The problem:
The lines from the one containing "CharlesWatts:苏维门迪参与训练,哲凯、凯帕缺席。​​​" through the final line of the listing below are what the answer must repeat, exactly and only, leaving pictures out.

================================

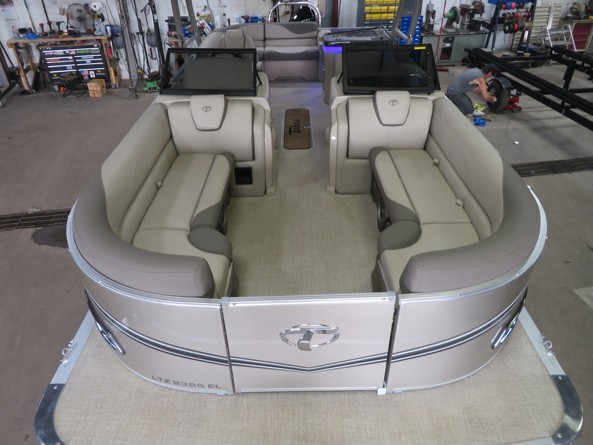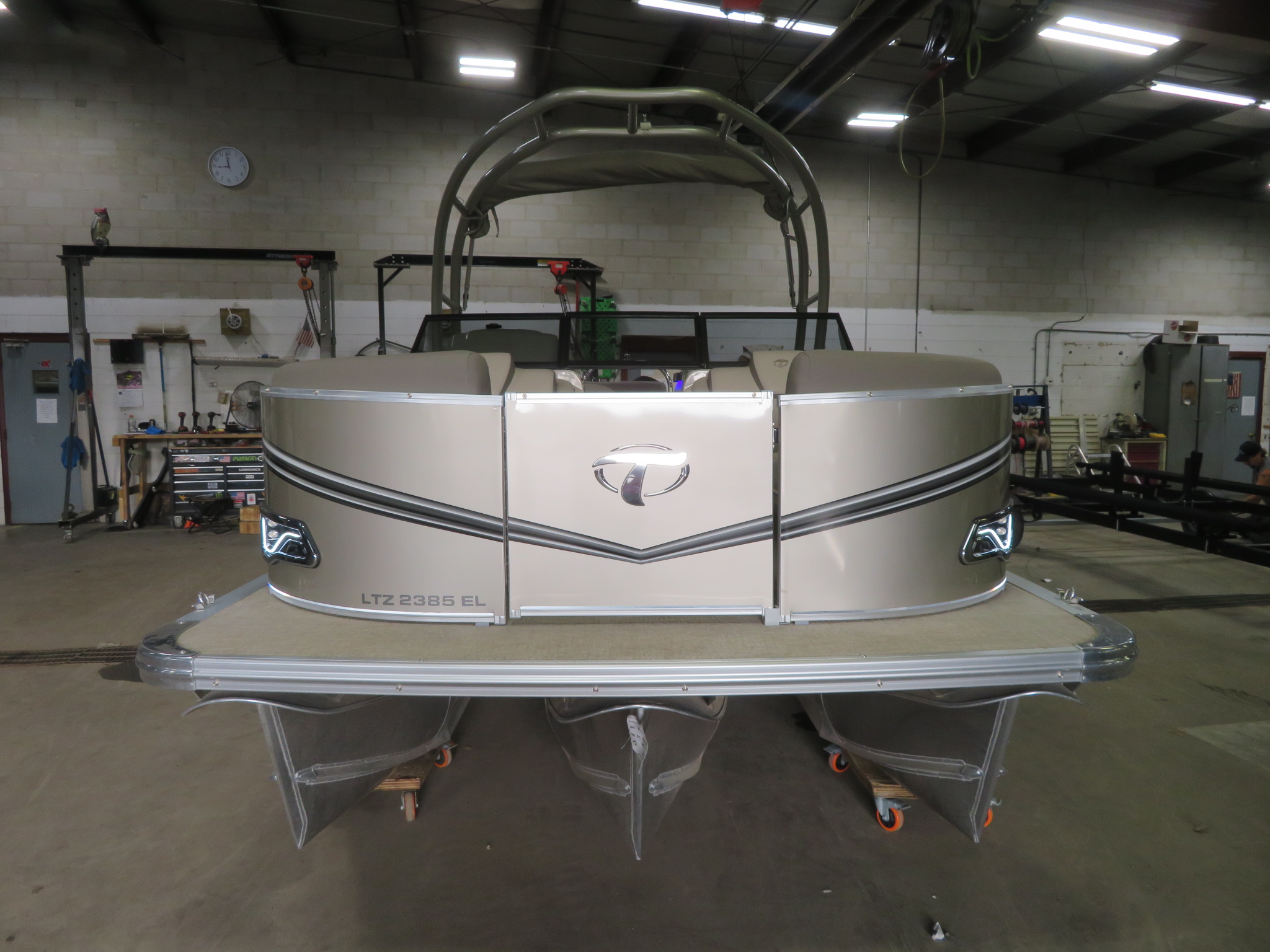 2024 Tahoe LTZ 2385 Elite Windshield Cruise Tritoon Pontoon & Honda 250HP 4-Stroke EFI. This Two Tone Unique Cruise Pontoon Has 2 Lounge Bench Seating Up Front With Storage, Side Lounge Seating With Storage, Rear Wrap Around Lounge Seating With Sink, Paper Towel Holder & Cooler, Mid Back Commander Reclining Captain's Chair, Riptide Dune Vinyl Floor, Built-In 38 Gallon Gas Tank, LED Docking Lights, Buckskin Vinyl Package, Collapsible DECO Sport Tower, In-Tube Ski Storage Locker, 4 Buoy Holders, Side Keels, Privacy Station, LED Nav Lights, Gauge Package With Hour Meter, Fusion Bluetooth Radio With 4 Speakers, USB Input w/AUX, Electric Power Assist Tilt Steering, 25" Tubes, Duel USB Charging Port, 20 Quart Cooler, Aluminum Undersheeting, Lifting Strakes, Ski Tow Bar, Rear Starboard Stainless Steel Ladder, Roman Bronze Seat Cladding, Polished Corner Caps, Large Greywood Kidney Table, Lifetime Aluminum Seat Frames, Bimini Top, 25" Tubes, Multiple Cup Holders, Dual Battery Selector, Hi-Flex Logos, Mooring Cover, New Battery, Front And Rear Swim Deck. Rated For 12 People.
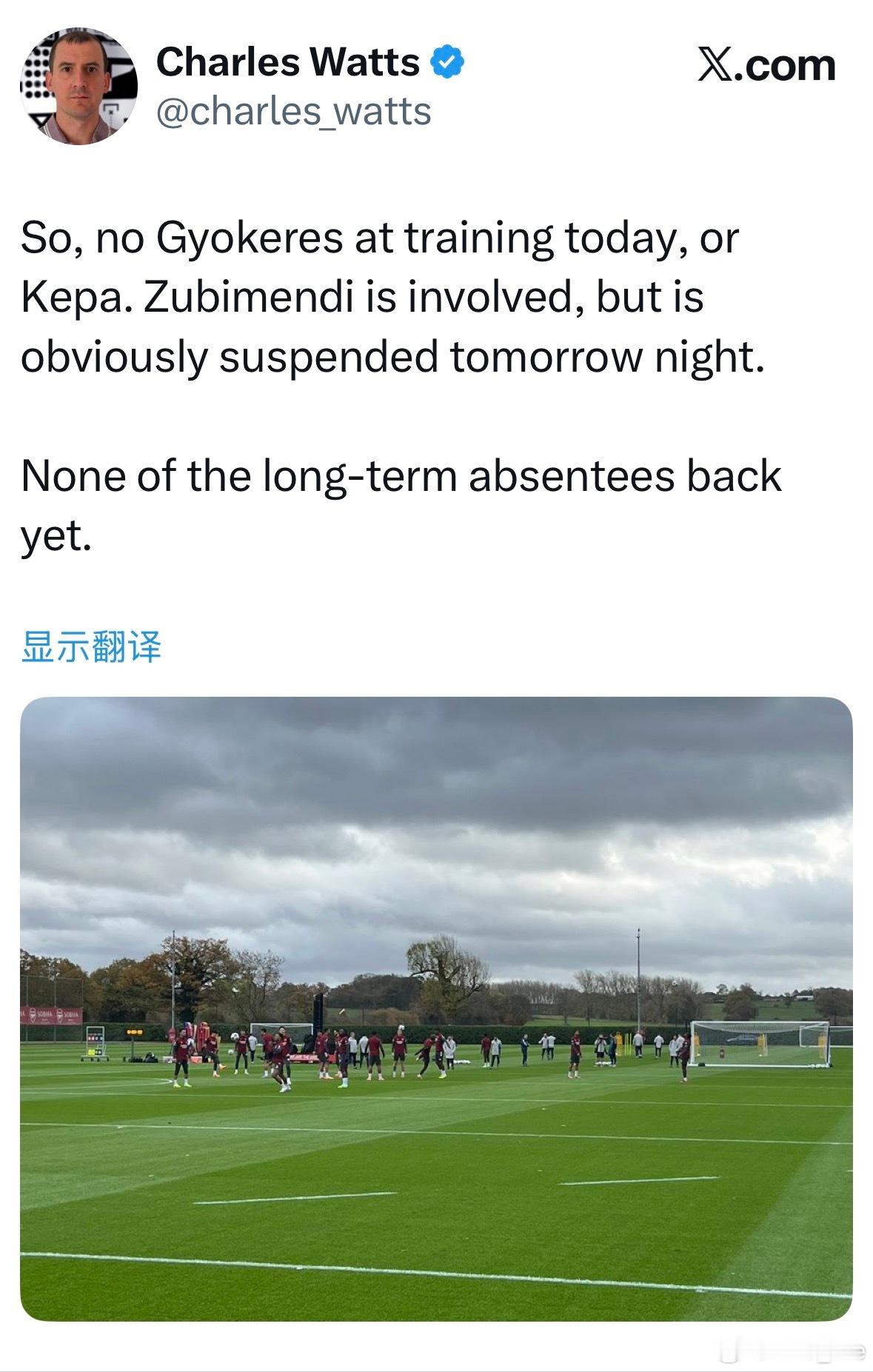 CharlesWatts:苏维门迪参与训练,哲凯、凯帕缺席。​​​
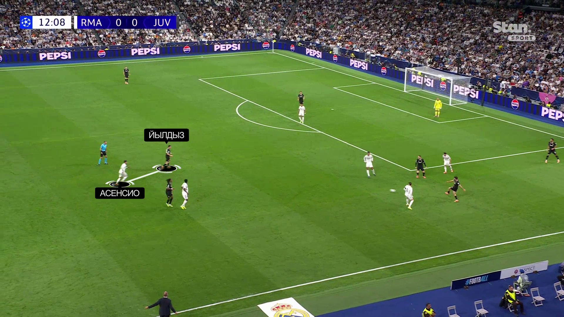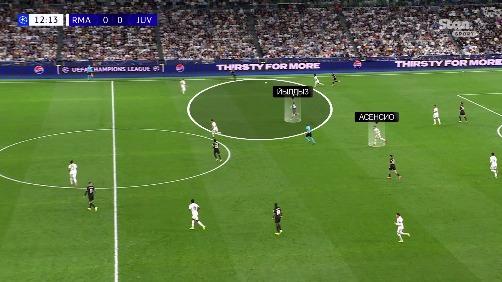 Вот свежий пример сбоя. Из-за персоналок центральный защитник Рауль Асенсио идет за Кенаном Йылдызом до чужой опорной:
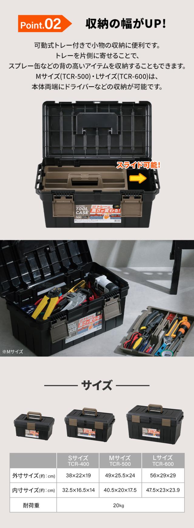 工具箱 ツールボックス プラスチック 大型 工具 ボックス 道具箱 工具入れ 持ち運び 収納 トレー 高さ 調節 ハンドル トレイ アイリスオーヤマ L(600)サイズ TCR-600 *
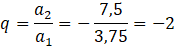 Oblicz iloraz ciągu geometrycznego. Podziel wartość drugiego wyrazu przez pierwszy.

================================

Reply to the task:
 CharlesWatts:苏维门迪参与训练,哲凯、凯帕缺席。​​​
 Вот свежий пример сбоя. Из-за персоналок центральный защитник Рауль Асенсио идет за Кенаном Йылдызом до чужой опорной:
 工具箱 ツールボックス プラスチック 大型 工具 ボックス 道具箱 工具入れ 持ち運び 収納 トレー 高さ 調節 ハンドル トレイ アイリスオーヤマ L(600)サイズ TCR-600 *
 Oblicz iloraz ciągu geometrycznego. Podziel wartość drugiego wyrazu przez pierwszy.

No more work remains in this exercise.